To find the velocity of the aircraft with respect to the ground, we can use vector addition. We'll break down the velocity of the aircraft into its Northward and Westward components and then add the effect of the wind's velocity to determine the final velocity with respect to the ground.
Let's define the North direction as the positive y-direction and the West direction as the positive x-direction.
Given: Aircraft speed (in still air) = 150 km/hr (due North) Wind speed = 60 km/hr (from the North-West, which is at an angle of 45 degrees to both North and West)

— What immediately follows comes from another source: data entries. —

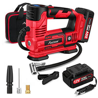 Avid Power Tire Inflator Portable Air Compressor, 20V Cordless Car Tire Pump W/Rechargeable Li-Ion Battery, 12V Car Power Adapte
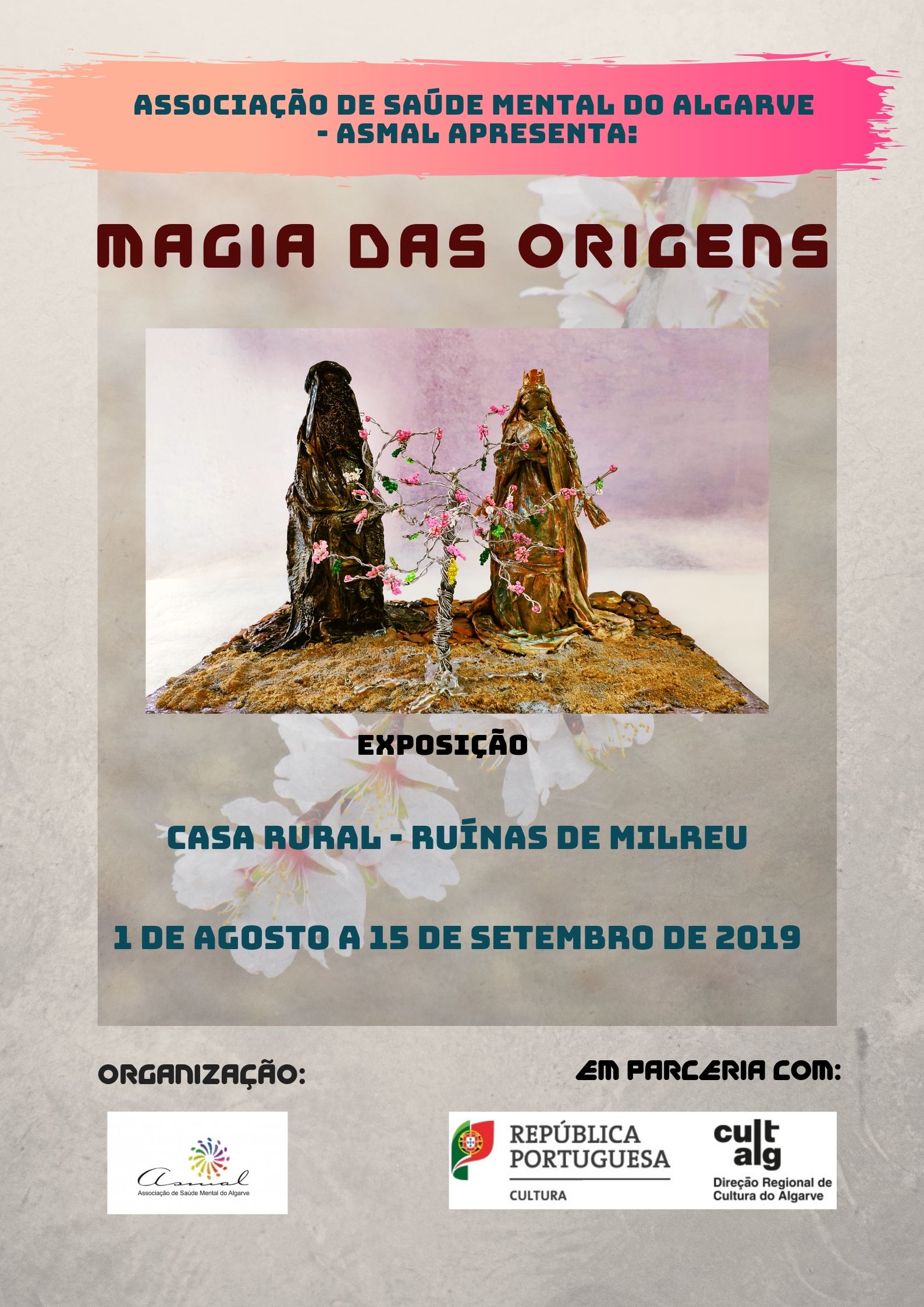 A exposição “Magia das Origens” é composta por 5 esculturas alusivas às lendas deCacela a Velha (Vila Real de Sto António), Carvoeiro (Lagoa), Moura de Floripes(Olhão), Senhora dos Mártires (Castro Marim) e a Lenda das Amendoeiras.
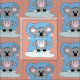 Um tecido bonito para completar projetos infantis com o doce padrão de um urso de cinza com corações cor-de-rosa. Escolha o tipo de tecido mais adequado para o seu artesanato.
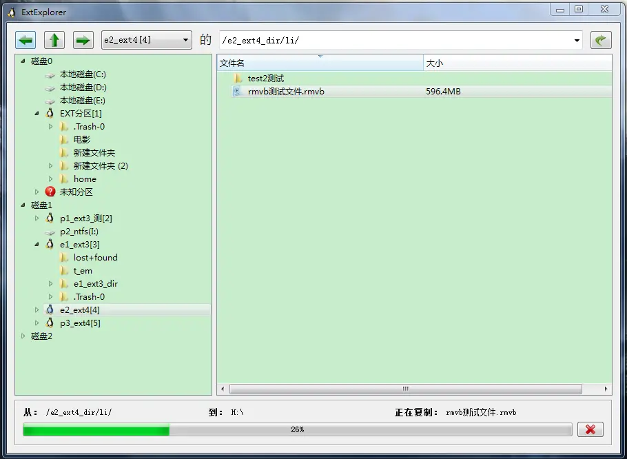 支持ext3/ext4文件系统读取; 支持浏览文件,复制文件,复制目录,不支持任何写操作;对源文件系统也没有任何写操作;

Step 1: Resolve the aircraft's velocity into Northward and Westward components. The Northward component (V_N) of the aircraft's velocity is simply its speed in the North direction, which is 150 km/hr.
The Westward component (V_W) of the aircraft's velocity is zero because it is not moving in the West direction.
Step 2: Find the effect of the wind's velocity on the aircraft's motion. The wind is blowing from the North-West at an angle of 45 degrees to both North and West directions. We need to resolve the wind's velocity into its Northward and Westward components.
The Northward component (V_Nw) of the wind's velocity is given by: V_Nw = Wind speed * cos(45 degrees) = 60 km/hr * cos(45 degrees) = 60 km/hr * √(2)/2 ≈ 42.42 km/hr
The Westward component (V_Ww) of the wind's velocity is given by: V_Ww = Wind speed * sin(45 degrees) = 60 km/hr * sin(45 degrees) = 60 km/hr * √(2)/2 ≈ 42.42 km/hr
Step 3: Add the effects of the aircraft's and wind's velocities to get the velocity with respect to the ground.
The Northward component of the final velocity (V_N_final) is the sum of the Northward components of the aircraft's and wind's velocities: V_N_final = V_N + V_Nw = 150 km/hr + 42.42 km/hr ≈ 192.42 km/hr (Northward)
The Westward component of the final velocity (V_W_final) is the sum of the Westward components of the aircraft's and wind's velocities: V_W_final = V_W + V_Ww = 0 km/hr + 42.42 km/hr ≈ 42.42 km/hr (Westward)
Step 4: Calculate the magnitude and direction of the final velocity with respect to the ground.
The magnitude (V_final) of the final velocity with respect to the ground is given by the Pythagorean theorem: V_final = √(V_N_final^2 + V_W_final^2) = √(192.42^2 + 42.42^2) ≈ √(37006.16 + 1794.56) ≈ √38800.72 ≈ 197 km/hr
The direction of the final velocity (θ) with respect to the ground can be found using the arctan function: θ = arctan(V_W_final / V_N_final) = arctan(42.42 / 192.42) ≈ arctan(0.2204) ≈ 12.77 degrees West of North
So, the final velocity of the aircraft with respect to the ground is approximately 197 km/hr directed 12.77 degrees West of North.